Mask Mandates Dropped for D.C. Schools Starting Wednesday


On Wednesday, March 16, the District’s public school system will no longer require students and staff to wear masks indoors, DC Schools Chancellor Lewis D. Ferebee announced over the weekend.

The action comes a week after D.C. Health and D.C. Mayor Muriel Bowser – the actual head of DC schools – announced the lifting of outdoor and indoor mask mandates at D.C. public schools. But Bowser left the actual implementation up to District school administrators. On March 8 D.C. Public Schools Chancellor Lewis Ferebee stated that the “District public school system will keep its mask mandate for the time being while it engages with the Washington Teachers’ Union (WTU) and other groups representing school workers before moving forward with any decisions.  Our highest priority is ensuring a safe and supportive environment for our students to learn and grow.”

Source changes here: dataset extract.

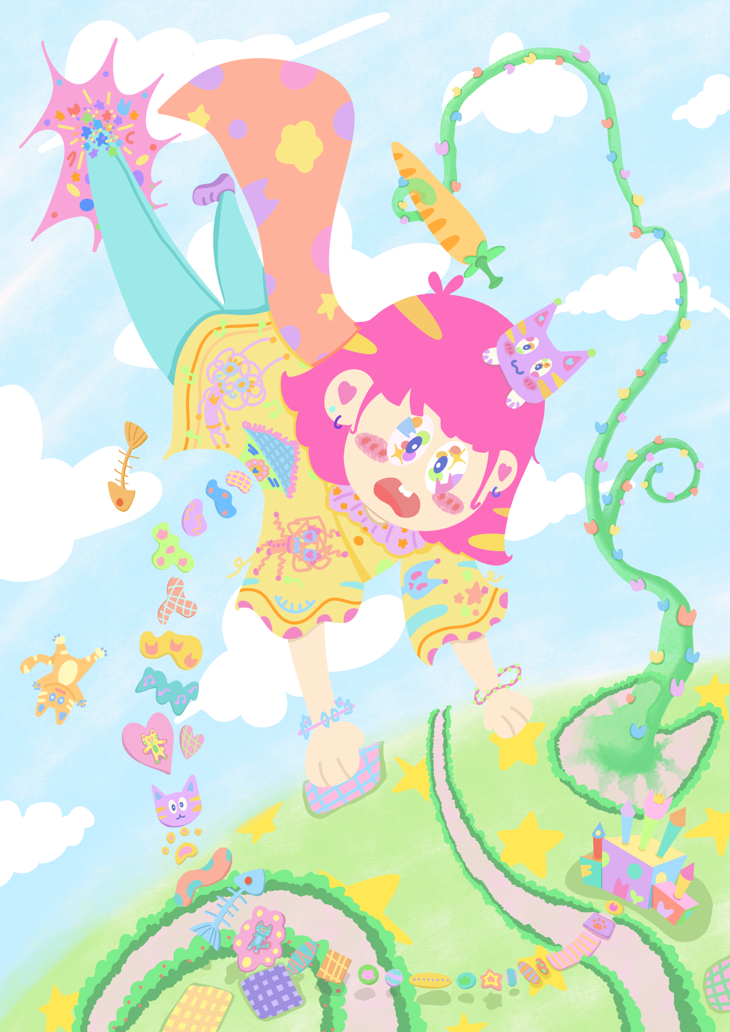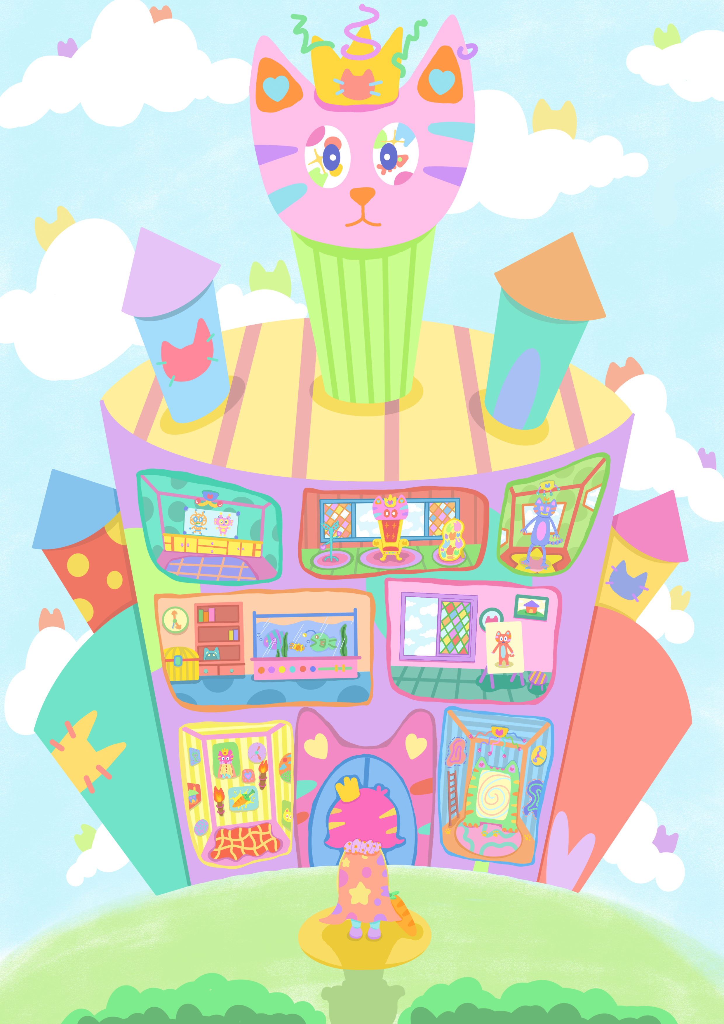 作品说明:某一天,潘潘大王掉进了一个洞里,洞的后面,竟然是另外一个世界!潘潘大王倒挂半空,粉发飞扬,多彩服饰缀满奇幻元素,身旁小鱼、猫咪、爱心等奇妙物件四散,似刚挣脱常规束缚,向着未知奋力探寻,那株蜿蜒绿藤,更是通往奇妙领域的神秘线索。潘潘大王来到猫形城堡前,城堡色彩斑斓,每扇窗后都藏着新惊喜,或是奇妙伙伴,或是趣味场景。从半空探寻到城堡探秘,她的脚步不停,以童真视角,带我们穿梭于色彩与想象编织的天地,每一处细节,都是冒险里的奇妙音符,奏响属于潘潘大王,也属于所有热爱幻想之人的历险乐章,让观者沉浸式感受纯粹的童真与无尽的创意冒险。

The Chancellor’s decision to remove mask mandates in public schools by March 16 still remains optional for D.C. public charter schools — attended by some 40 percent of District school children.

Mask mandates had been removed for Catholic schools and most private school students in D.C. by the Mayor and the Archdiocese of Washington on Wednesday March 9, two days after the District was sued by two Catholic families. They argued that the mask mandates in schools but not in bars, sports venues, movie theaters and stores was wrong.

There are a number of caveats attached to D.C. Health’s decision to lift its mask mandate for schools. Mainly, masks are still recommended on campuses if Covid-transmission is considered “high” in the community. Transmission levels are currently “low” in D.C. But guidance recommends schools screen students for Covid during periods of low transmission as well as high.

The President of D.C.’s Washington Teachers’ Union, Jacqueline Pogue Lyons, agreed to support lifting the mask mandate so long as the school system reinstates it if case numbers rise. In September, Ferebee had issued a memorandum of agreement with the WTU on how to reopen schools in the fall, stating that masks were required inside school buildings. But contradicting that, the agreement also stated that the school district should align with guidance from the Centers for Disease Control and Prevention – that now no longer recommends masks inside school buildings in the vast majority of the country.

The D.C. State Board of Education had announced last week — ahead of Ferebee’s decision to remove masks in schools — that its members believe that schools should keep the mask mandate in place. “We believe, that for the near future, the mask mandate should remain in place for indoor spaces in schools to protect our youngest students. We strongly support increasing District efforts to promote vaccination of all eligible children, to expand high-quality masks and at-home Covid tests to increase robust outdoor education options for every school to help reach a negligible rate of community spread.”  D.C.’s youngest learners — 3- and 4-year-olds — are still not eligible for coronavirus vaccines.

Locally, Prince George’s County is the only jurisdiction that has not lifted its masking requirement in schools. According to The Washington Post, hours before DC Health eliminated its mask requirement, the Montgomery County Board of Education unanimously voted to lift its mandate for the school system in suburban Maryland. School systems in Northern Virginia were among the first in the region to reverse mask mandates after Gov. Glenn Youngkin signed a law in February banning districts from requiring face coverings on campuses.

The option to lift masking requirements in the District also applies to childcare facilities and colleges and universities as they will it. While Georgetown University remains mainly unmasked, its popular off-campus coffee shop Saxbys at 3500 O St. NW still requires full masking as of March 13.